• Anomalous Coronary Arteries/Fistulas


    Anomalous coronary arteries are a rare occurrence when the arteries that supply the heart with blood (coronary arteries) do not come from the usual location on the large artery that arises from the heart (the aorta). The normal branching patterns of the coronary arteries may be abnormal as well. If the course of one of the major coronary arteries runs between the two major vessels leaving the heart (the aorta and the pulmonary artery), then there is a possibility of pinching of the coronary artery and its flow back to the heart muscle. It is possible for one of the coronary arteries (typically the left) to arise from the artery supplying the lung (pulmonary artery), rather than directly from the aorta. An increased incidence of anomalous coronary arteries is associated with certain types of congenital heart diseases. 

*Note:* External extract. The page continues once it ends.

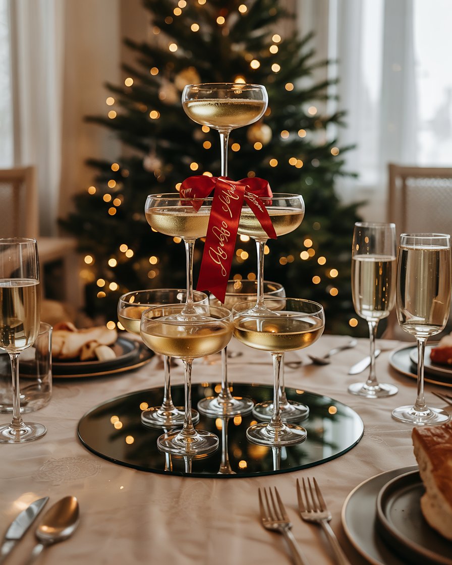 Let the champagne tower be the star of the show, surrounded by mirrored coasters bouncing the sparkle all about. Such a simple decorating idea looks extravagant when tied elegantly with a red ribbon at its base. At midnight, guests will be toasting to this gorgeous display.

    Coronary fistulas are branches from the coronary arteries that bypass the small circulation of the heart muscle and pass directly back to one of the heart chambers or pulmonary artery. These are sometimes found incidentally if a baby or child receives an echocardiogram for another reason. Sometimes, there is enough blood flow through a fistula to create a heart murmur


    Many children with this type of defect will not have any symptoms. Some will have symptoms like chest pain or passing out (syncope) with exercise. In rare circumstances, the abnormality can result in sudden death. Infants with anomalous left coronary artery arising from the pulmonary artery (ALCAPA) may become sick, with difficulty feeding and increased work of breathing within the first few months of life due to progressive deterioration of heart function. This requires surgery to remove the coronary artery from the pulmonary artery and reattach the vessel back to the aorta. Because there is usually some damage to the heart caused by the reduced blood flow to the heart, the squeezing function of the heart may be reduced. The function of some of the valves letting blood into the heart may be affected, resulting in significant leakage of the valve. Even after reattaching the anomalous coronary artery back to the heart, the squeezing function of the heart and valve function may not recover, resulting in a cardiomyopathy (inflamed heart muscle).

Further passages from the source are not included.